About.com Health's Disease and Condition content is reviewed by the Medical Review Board

“I went to the doctor today. I mentioned that I have out-of-body experiences and have had them since I was ten. Now, on top of bipolar disorder and obsessive compulsive disorder, she thinks I have dissociative issues. I have gone to her three times and I now have three diagnoses. How can she say that? Do they just look for things to diagnosis you with?” vents StolenChild, a member of our forums. Another member of our forums responded with excellent information regarding dissociative disorders.

Another member of our forums responded with excellent information regarding dissociative disorders. Nanajly answers, “This is what the DSM-IV-TR says,

    The essential feature of the Dissociative Disorders is a disruption in the usually integrated functions of consciousness, memory, identity, or perception. The disturbance may be sudden or gradual, transient or chronic. The disorders are:

  • Dissociative Amnesia (formerly known as Psychogenic Amnesia)
  • Dissociative Fugue
  • Dissociative Identity Disorder (formerly known as Multiple Personality Disorder)
  • Depersonalization Disorder
  • Dissociative Disorder Not Otherwise Specified (NOS)

“The term dissociative disorder is generally used when the client or patient has symptoms for the disorder, but does not meet the criteria for a specific disorder. So, that is why it is stated as "just" Dissociative Disorder.

“Dissociations are experiences with which many people have suffered. It could be the out-of-body experience someone with bipolar disorder feels when she (or he) goes on a rage or she is in a deep depression, or what a person with post traumatic stress disorder feels when she sees something that causes a flashback. These experiences are not anything to worry about unless they affect your ability to function or cause severe distress to the person experiencing them.

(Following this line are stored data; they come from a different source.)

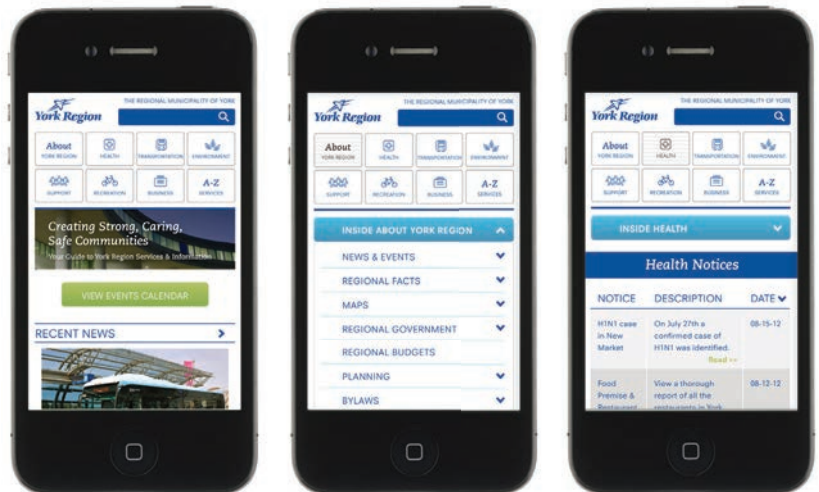
Mobile Website example

LONDON Kemp House 152-160 City Road London, UK EC1V 2NX T: +44 (0)20 3598 2601
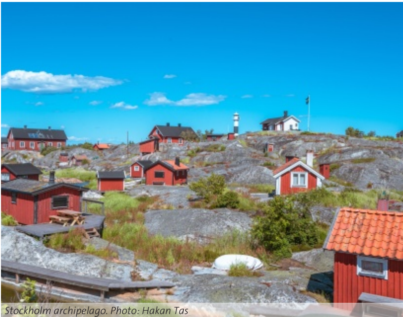
Stockholm archipelago.
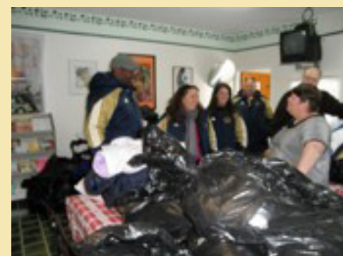
The Philadelphia Union soccer team, SEPA Soccer Hall of Fame, Sons of Ben and Caldwell Bankers donate 200 coats for clients at Bernardine Center
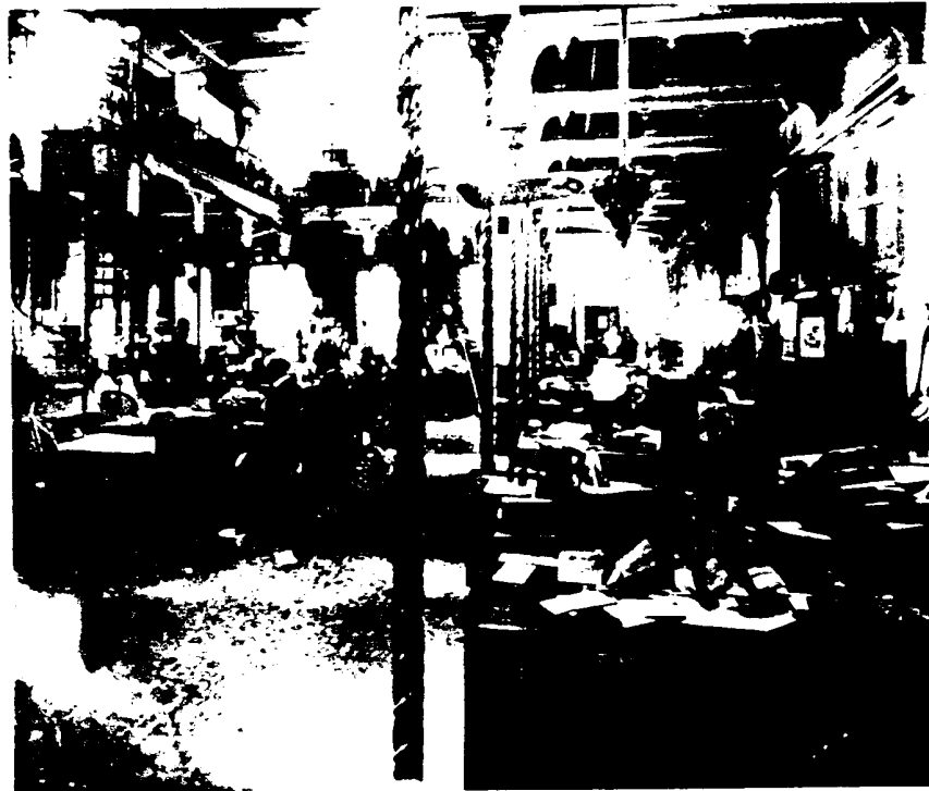
Federal postal workers, Washington, D.C., 1890s.

A number of civil servants saw things differently, however, and challenged the Hatch Act as a violation of their constitutional, First Amendment, right to participate in politics. The Supreme Court usually holds that First Amendment rights
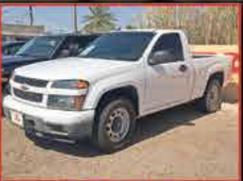
2012 Chevy Colorado
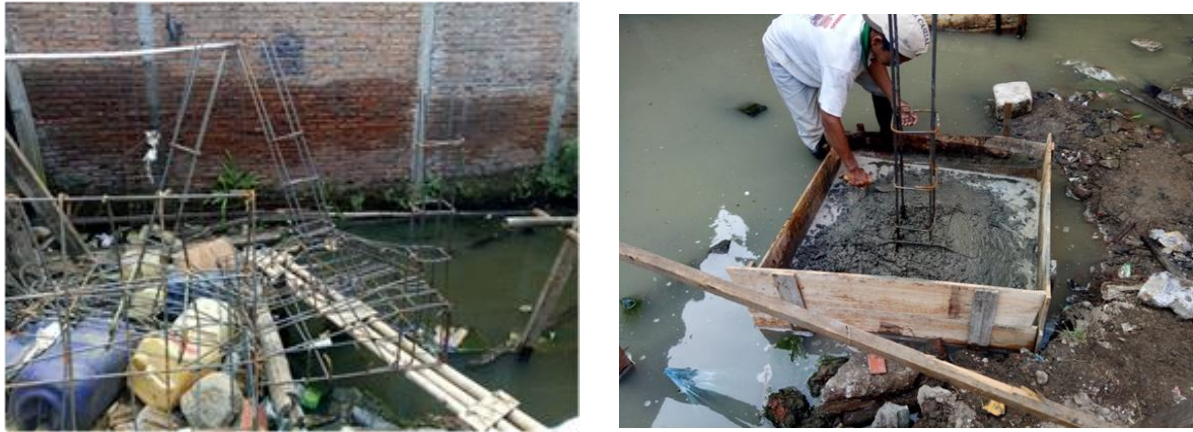
Figure 7: Casting of the raft foundation (left) and Ironing of the column (right)
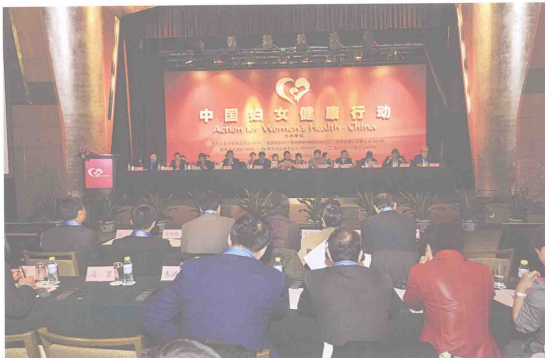
The Symposium on Action for Women's Health • China with the attendance of the departments concerned was held in Beijing, Mar. 1, 2008. The Symposium was cosponsored by Ministry of Health, the Office of National Working Committee on Children and Women under the State Council, All-China Women's Federation, World Health Organization (WHO), United Nations Children's Fund (UNICEF) and United Nations Population Fund.

“As for dissociative disorder, depersonalization disorder, and dissociative identity disorder, there is quite a distance between these three.

“From what I have been taught, stating a person has dissociative disorder is stating that a person has some of the symptoms, but not enough to give a specific ‘label.’ It says the person suffers from some of the symptoms, but she doesn’t meet all the criteria to be listed with one specific form over another. Further, she may never have the final, major symptoms, and it will all ‘go away’ after the trauma, stress, or whatever it is setting off the problem is finished.

“Dissociative identity disorder is what was previously termed multiple personality disorder, and it is a severe condition. The person will have at least one (usually 3-5) other personalities. She will lose control of herself and become another person, and, in most cases, she will never remember what the other personalities have done. The movie Identity shows a good example of a person with severe, dangerous DID.

“As for depersonalization, according to my DSM, it is a feeling as if you are out of your body, detached from yourself. You may have no control of yourself. It is commonly associated with panic and stress disorders and is ‘caused’ by a severe stressful or traumatic event.

“Many disorders sound frightening, but they do not have to be. They come from an experience in life that is stressful - divorce, moving, death of a loved one, promotion or not getting a promotion, being diagnosed with another disorder and confused by it all. This has happened to most of us when we found out we had bipolar disorder or some other condition. It doesn't mean that we are more ‘warped,’ just that the stress is getting to us (no joke or surprise there!). Learning stress management techniques or behavior modification helps a lot."